Apesar do evidente custo em sofrimento humano, a política de detenções
em grande escala não é só a opção mais destacada na UE, mas pareceria coincidir
com uma agenda de militarização e privatização dos controlos fronteiriços e dos
imigrantes ilegais, segundo Martin Lemberg, professor do Centro de Estudos Avançados em Migração,
da Universidade de Copenhague.
“Apesar das declarações públicas que condenam a catástrofe humanitária
nas fronteiras externas da UE, o bloco nunca deixou de apoiar novos projetos e
controlos mais rigorosos nas fronteiras do sudeste europeu”, apontou Lemberg à
IPS. “Podemos ver essa dupla moral como uma forma para que a UE se transforme
continuamente num espaço político relevante numa Europa onde os partidos
contrários aos imigrantes ocupam uma parte cada vez maior dos parlamentos
nacionais e do Parlamento Europeu”, acrescentou.
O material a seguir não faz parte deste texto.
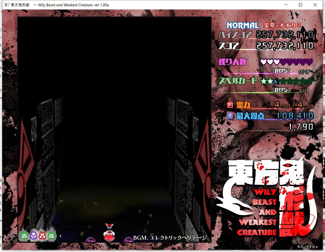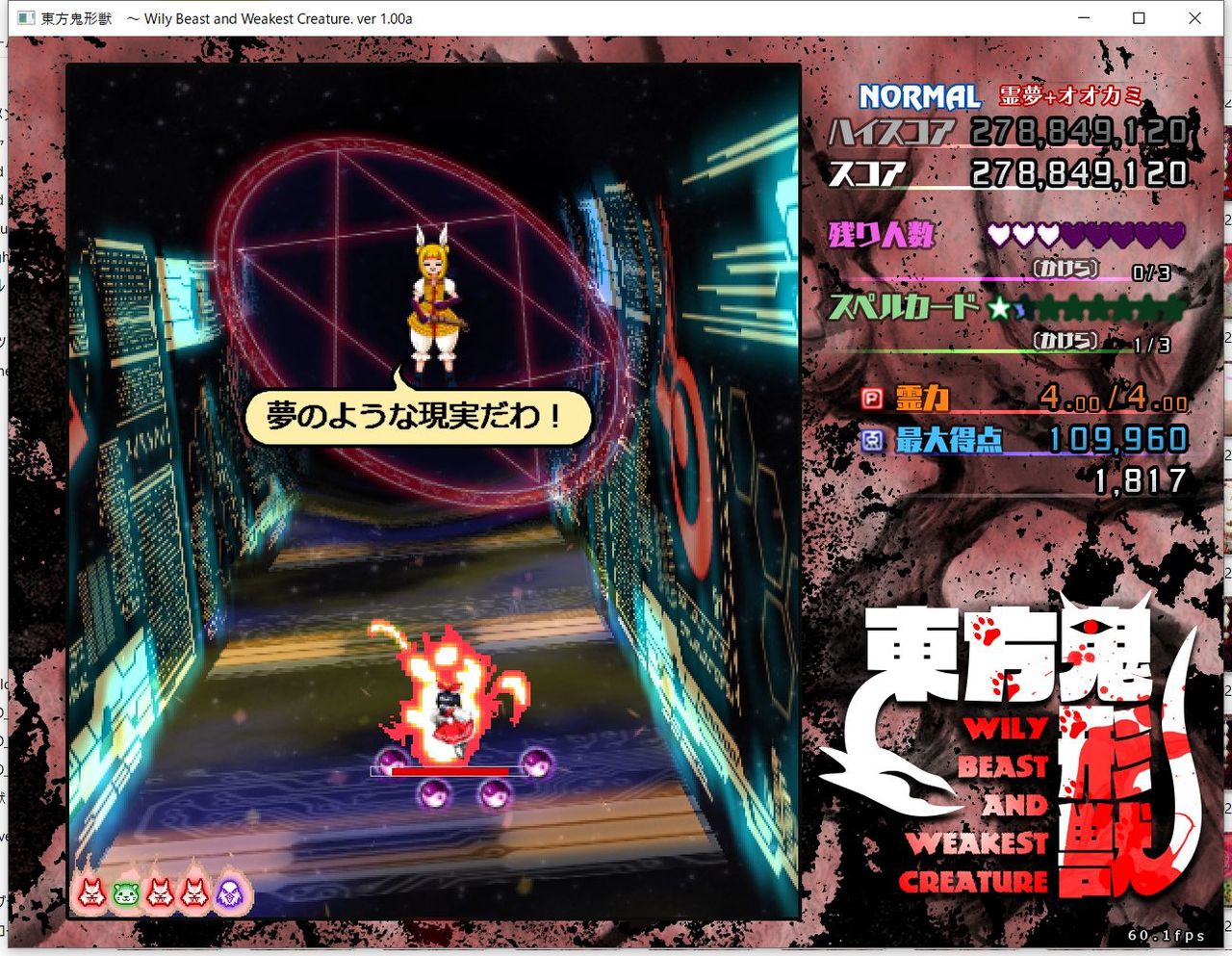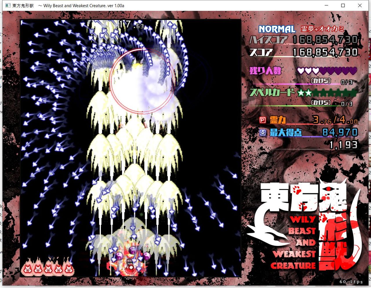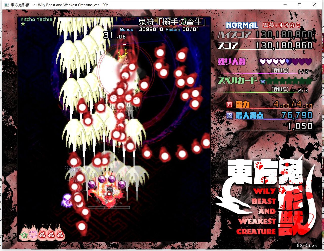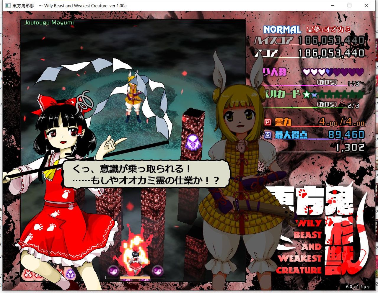 ・4面ボスの一つ目のスペルカードで、ボムを使ってトドメを刺すと稀にアプリが落ちる
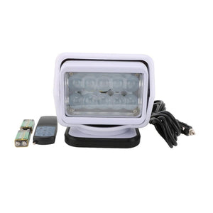 Proiector LED Rotativ cu Telecomanda Wireless 50W, 4000 lumeni, SPOT Beam, AlbSpecificatii produs:Putere: 50WLuminozitate: 4000 lumeniNumar leduri: 10x5W high intensity CREE LEDTensiunea de lucru: 9-32VClasa protectie: IP 67Amperaj: 2.6A@12V, 1.4A@24VTemperatura culoare lumina: 6000KCuloare corp: AlbMaterial protectie lentile: PolicarbonatUnghi lumina: SPOT BeamDimensiuni: 230 mm (L) x 220 mm (W) x 190 mm (H)Baza magnetica: 185 mm x 185 mmTelecomanda, rotatie 360 grade circular si 120 grade verticalDurata de viata: > 50.000 ore

Em dezembro de 2013, a Comissão Europeia anunciou a implantação do
Eurosul, um projeto que permitirá a vigilância constante do Mar Mediterrâneo.
Embora esse órgão o tenha apresentado como “um instrumento novo para salvar as
vidas dos imigrantes”, organizações e legisladores europeus, entre eles a
representante alemã do Partido Verde Europeu, Ska Keller, criticaram-no por
estar “a serviço da batalha contra a imigração ilegal”.
Também em dezembro de 2013, a UE propôs “fixar normas para a vigilância
das fronteiras marítimas externas”, e dez dias depois a cúpula anual do
Conselho Europeu decidiu as prioridades para melhorar a eficácia da política de
defesa e acapacidade operacional do bloco.
“O Eurosul é um excelente exemplo do que podemos chamar de captura
reguladora, ou seja, os processos de lobby e governança em múltiplos níveis,
nos quais atuam empresas de segurança privada e militares”, criticou
Lemberg. “Naturalmente, a própria Comissão Europeia é capaz de transformar as
políticas de controlos fronteiriços dos Estados-nação individuais sem ter de
lidar diretamente com os seus parlamentos nacionais”, acrescentou.
Em abril, o Ministério de Assuntos Marítimos grego apresentou uma licitação para alugar os serviços de
vigilância das suas fronteiras marítimas no Mar Egeu. O projeto prevê uma
compensação de 73,8 mil euros por 60 horas de vigilância no período de dois
meses, ou seja, uma média de 1,23 mil euros por hora, com 75% do custo coberto
pelos fundos europeus e os 25% restantes pelo Estado grego.
Também estabelece a privatização dos serviços de segurança em três dos
maiores centros de detenção do país, o que atraiu os principais atores do setor
privado, como a G4S, a maior empresa de segurança privada do mundo,
criticada pelo tratamento que dá aos detidos nos seus três centros de asilo na
Grã-Bretanha. A maior parte dos custos, calculados em cerca de 14 milhões de
euros por ano, também será coberta pelos fundos europeus.